Sports Concussion Symptoms Worse in Female Athletes?

Megan Brooks

July 28, 2015

Female collegiate athletes with a history of concussion may experience greater and more severe symptoms and poorer cognitive performance at preseason testing than their male counterparts, a new study hints.

"More research is needed to confirm these results and to understand why women may have lower performance at preseason baseline. The difference in performance between genders should be of great interest to athletes, coaches, athletic trainers, and doctors who utilize baseline assessments to aide recovery protocols," Kathryn L. O'Connor, from the University of Michigan in Ann Arbor, said in a statement.
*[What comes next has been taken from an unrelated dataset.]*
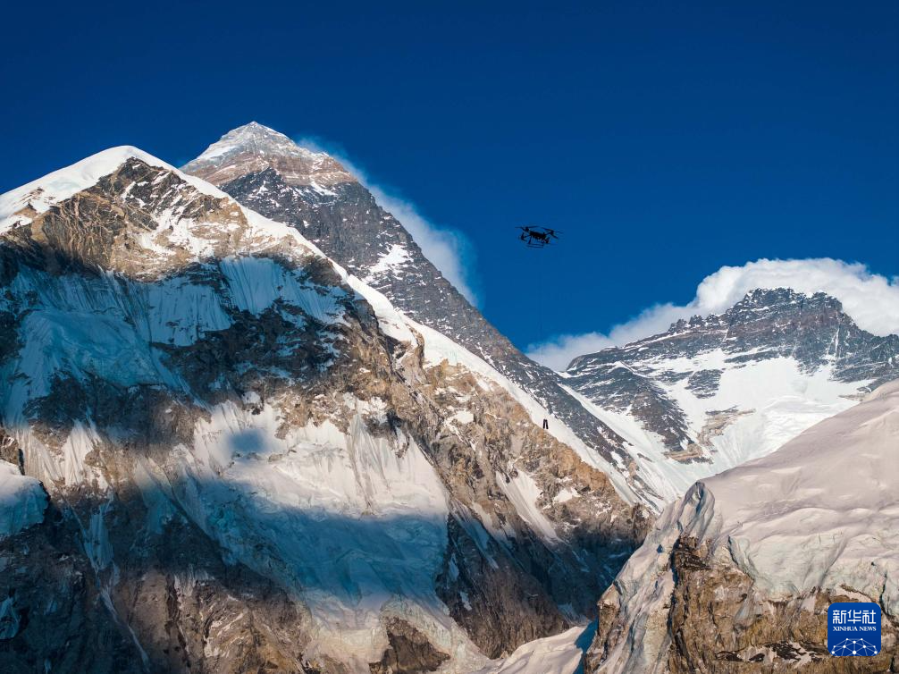 4月30日,大疆運載無人機(jī)在珠穆朗瑪峰尼泊爾一側(cè)進(jìn)行物資運輸測試(視頻截圖)。新華社發(fā)

She presented the study findings July 27 in Denver, Colorado, at the Sports Concussion Conference hosted by the American Academy of Neurology.

The long-term effects of sports-related concussive injury in amateur athletes and the effect of sex, if any, are relatively unknown, the investigators say.

They assessed the role of sex and previous concussion on long-term neurocognitive performance in 148 Division I college athletes in 11 sports during a single season at the University of Michigan in Ann Arbor. The athletes are participating in the National Sport Concussion Outcome Study (NSCOS).

Sixty-seven (45%) were women, 51% played a contact sport, and 36 (24%) had a history of sports-related concussion (average, 0.32 concussions; range, 0 to 4). Most concussed athletes had a single concussive injury (78%), with the most recent concussion having occurred 42 months previously on average. Men and women were equally likely to have a history of concussion.

Women and men with a history of at least one concussion had similar scores on computerized cognitive baseline testing. "This finding that cognitive skills were not significantly affected by having a concussion for either gender should be reassuring to athletes who have experienced a concussion and wonder about its later effects," O'Connor said.

However, all women, regardless of concussion history, had more symptoms, greater symptom severity, and poorer cognitive performance than men at baseline, she reported.

Women on average had 1.5 more symptoms and scored 3 points higher on symptom severity than men. On a clinical reaction time task, women were 19 milliseconds slower to react than men. Women also scored on average 7% below men on cognitive tasks assessing processing speed, attention, and working memory speed, with the greatest difference on processing speed (8.5%).

"In addition to our analysis, other research groups…have found that females endorse more symptoms at baseline and postinjury," O'Connor told Medscape Medical News. "It is still unclear why females report more symptoms and perform differently at preseason assessment. It is too early to speculate why these baseline gender differences exist. This is another area that requires further investigation," she noted.

"The current study does not have the scope to inform whether clinicians should treat female athletes differently," O'Connor added. "However, results do emphasize the importance of clinicians being aware when assessing female athletes postinjury. This awareness should be especially increased if the female athlete presents without a baseline assessment."

O'Connor said it's also important to note that most athletes reported a single previous concussion. "Thus, results cannot be generalized to those athletes with multiple previous concussions."

The study was supported by the National Collegiate Athletics Association. The authors have disclosed no relevant financial relationships.

Sports Concussion Conference. Oral Presentation 1. Presented July 24, 2015.